Advances in DNA/RNA Sequencing and Their Applications in Acute Myeloid Leukemia (AML)

Int. J. Mol. Sci. 2025, 26(1), 71; https://doi.org/10.3390/ijms26010071
by Fatimah Ahmed and Jiang Zhong *
Reviewer 1: Anonymous
Reviewer 2: Anonymous
Int. J. Mol. Sci. 2025, 26(1), 71; https://doi.org/10.3390/ijms26010071
Submission received: 4 November 2024 / Revised: 24 November 2024 / Accepted: 19 December 2024 / Published: 25 December 2024
(This article belongs to the Special Issue Signaling Transduction in Health and Disease)

Round 1

Reviewer 1 Report

Comments and Suggestions for Authors

The authors proposed a deep review on all the strategies based on  NGS approaches for the diagnosis, prognosis and possible personalized approaches in AML patients. The review is well written and most of the crucial points have been discussed.

There are some points I suggest to improve:

 -          In section 2.1: I suggest to better specify that among the structural variations, the balanced translocations and inversions are frequently associated to AML and WGS could easily detect the translocations and inversions with implication for the diagnosis and comparison with standard approaches (i.e. FISH, karyotype) might be proposed.

-          In the methodology section, the third generation sequencing paltforms (such as  Oxford Nanopore and PacBio) is lacking. I suggest to add a subpoint of the 2.1 with the new long reads WGS approaches with pros and cons to these technologies. For instances, some authors used third generation sequencing in AML. Costs might be discussed in point 5.2

-          The DNA breakpoint cloning approaches for the minimal residual disease monitoring is lacking. Many groups started publishing firstly on CML breakpoits with related minimal residual disease and personalized medicine implications. Recently, also on AML, NGS breakpoint cloning approaches were implemented. I suggest to add a dedicated paragraph to present this approach with related literature. A discussion of this approach should also be added to conclusions.

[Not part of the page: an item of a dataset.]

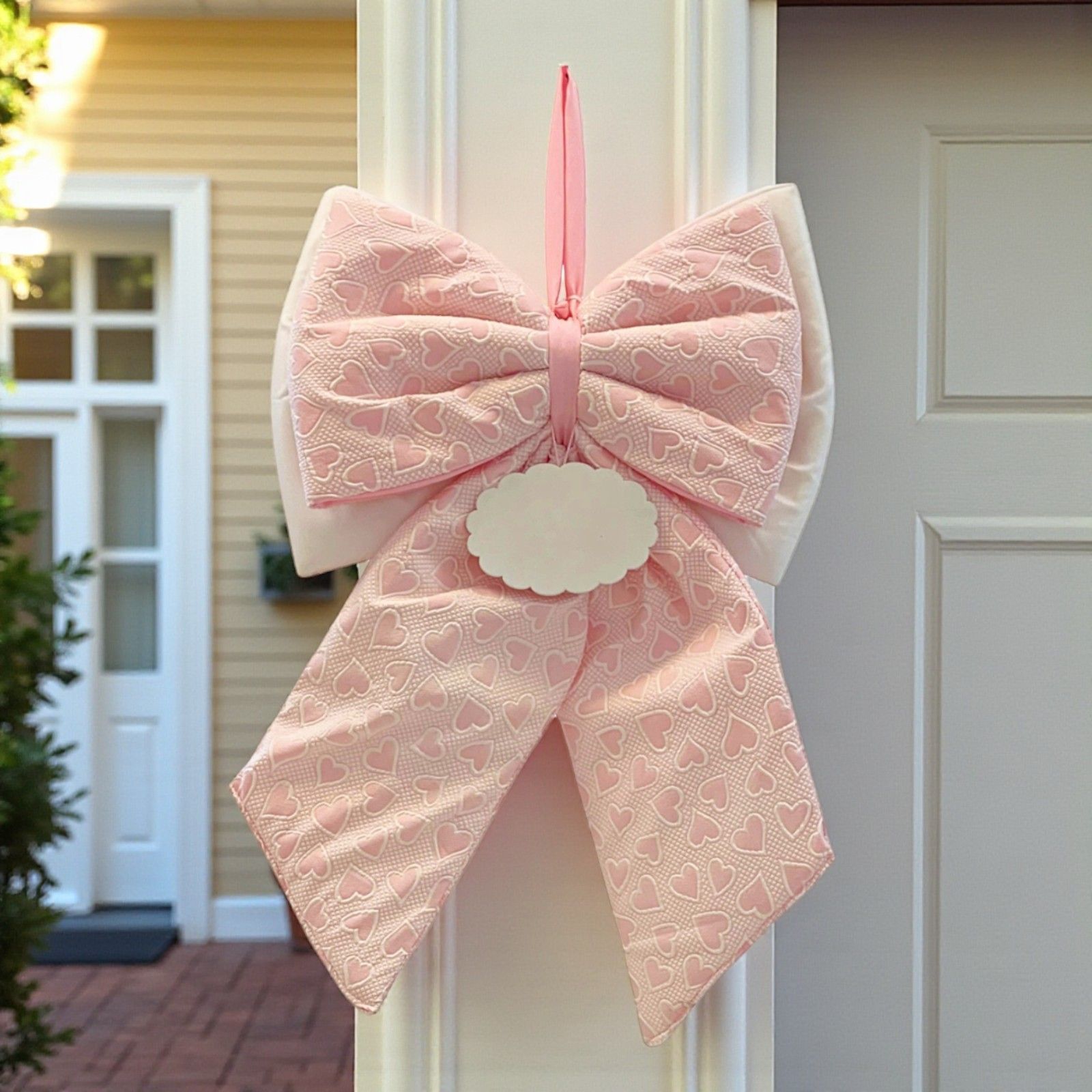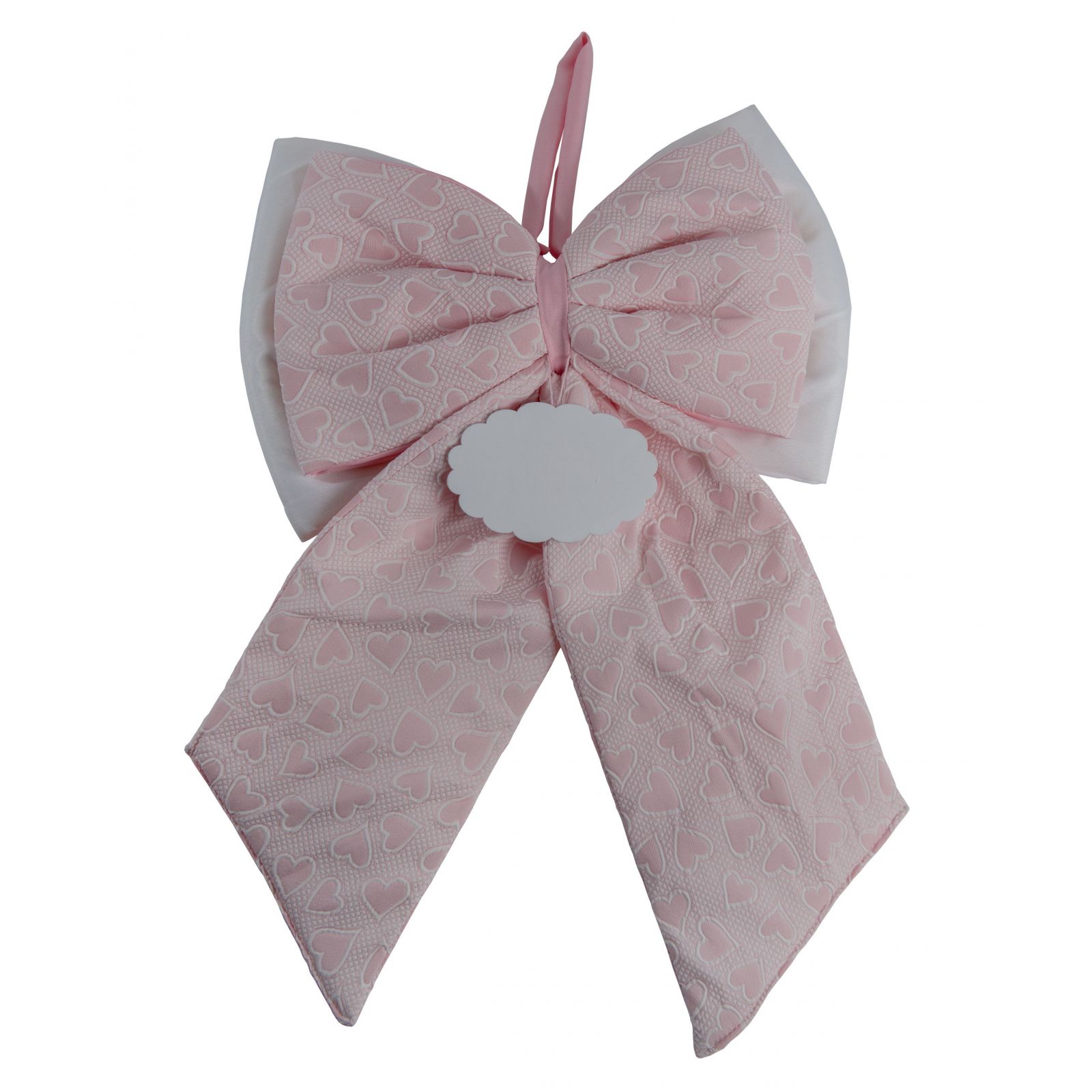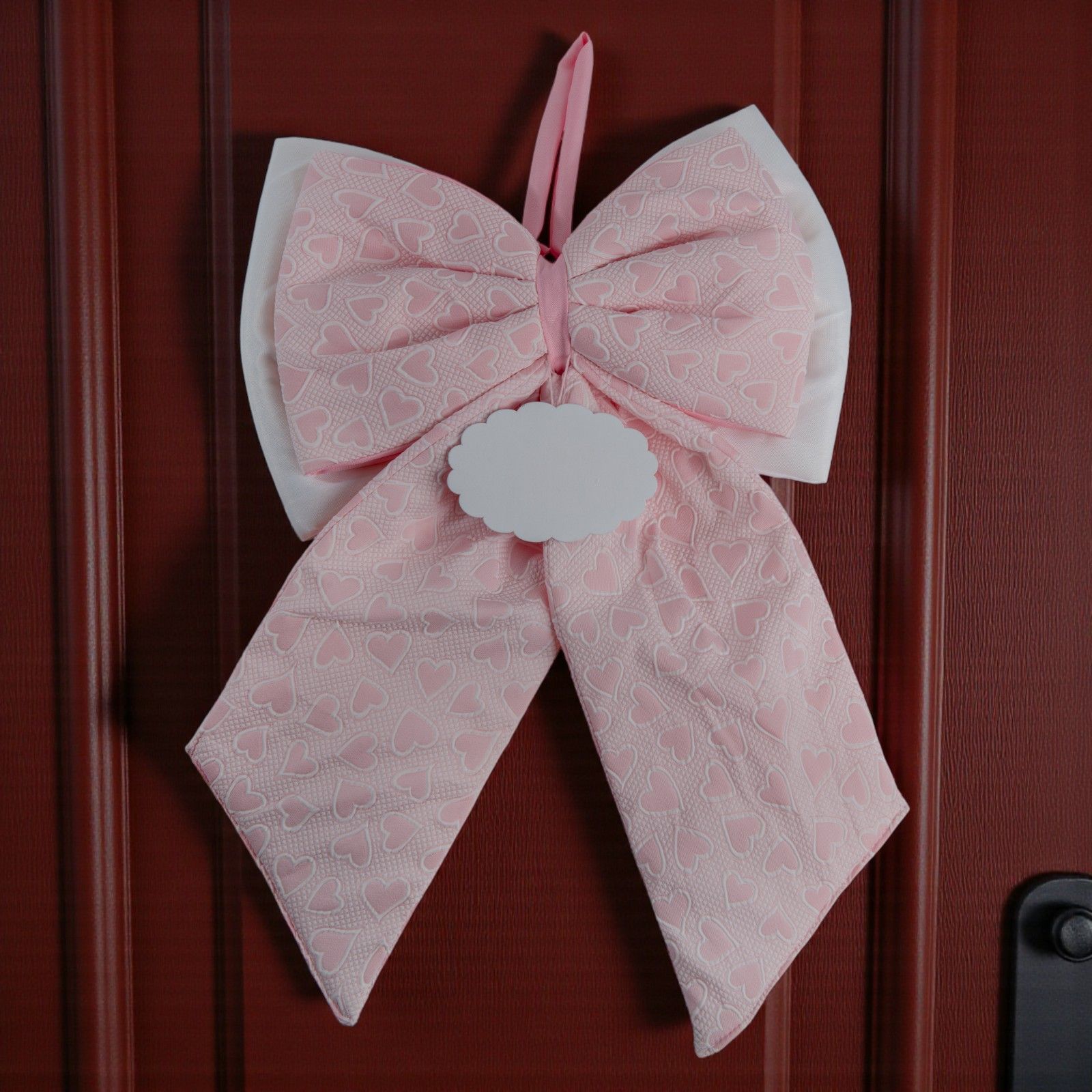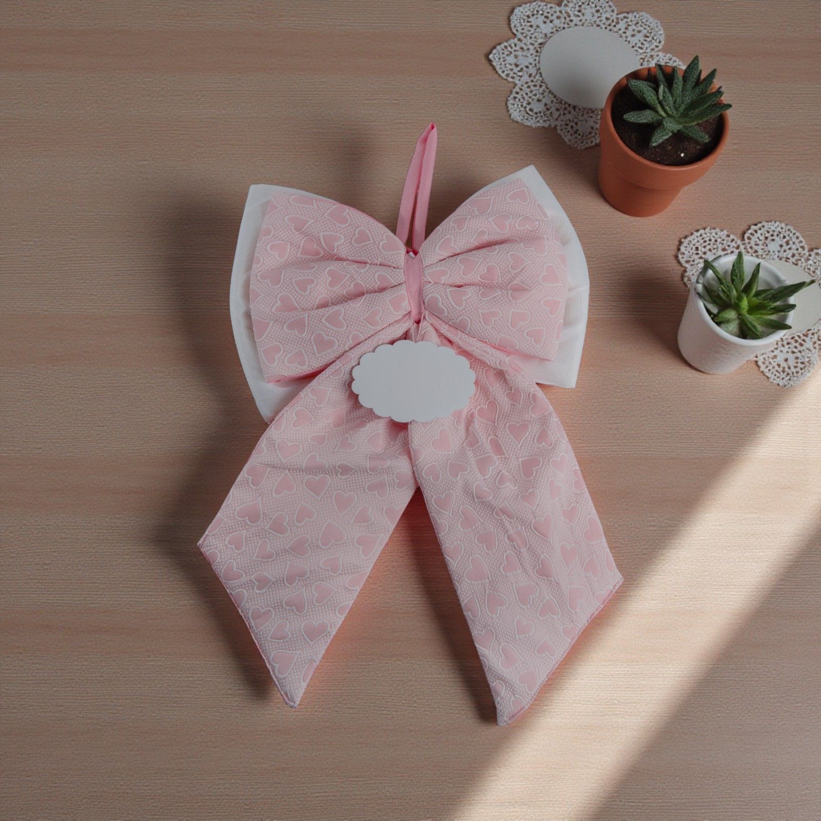 Realizzato in morbido tessuto nei delicati colori rosa e bianco, questo fiocco diventa un dettaglio unico e originale per arricchire il sweet table nascita bimba o semplicemente decorare l’ingresso della casa. Un tocco personale e dolce che farà sorridere tutti gli ospiti.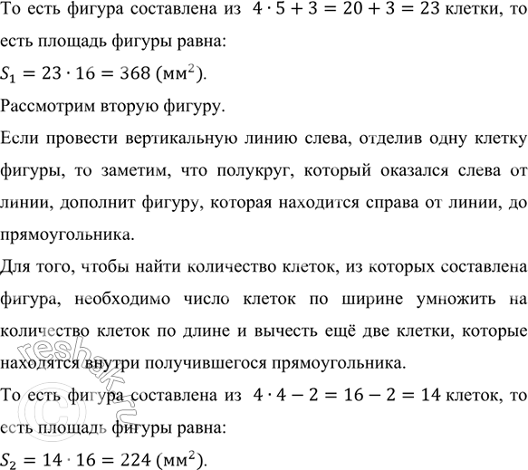 В задаче представленные фигуры составлены из одинаковых клеток, значит, чтобы найти площадь данных фигур, необходимо число клеток, из которых составлена фигура, умножить на площадь одной клетки.

-          Table 1 shoud be modified according to the observation of the above points

Author Response

Comment 1: In section 2.1: I suggest to better specify that among the structural variations, the balanced translocations and inversions are frequently associated to AML and WGS could easily detect the translocations and inversions with implication for the diagnosis and comparison with standard approaches (i.e. FISH, karyotype) might be proposed.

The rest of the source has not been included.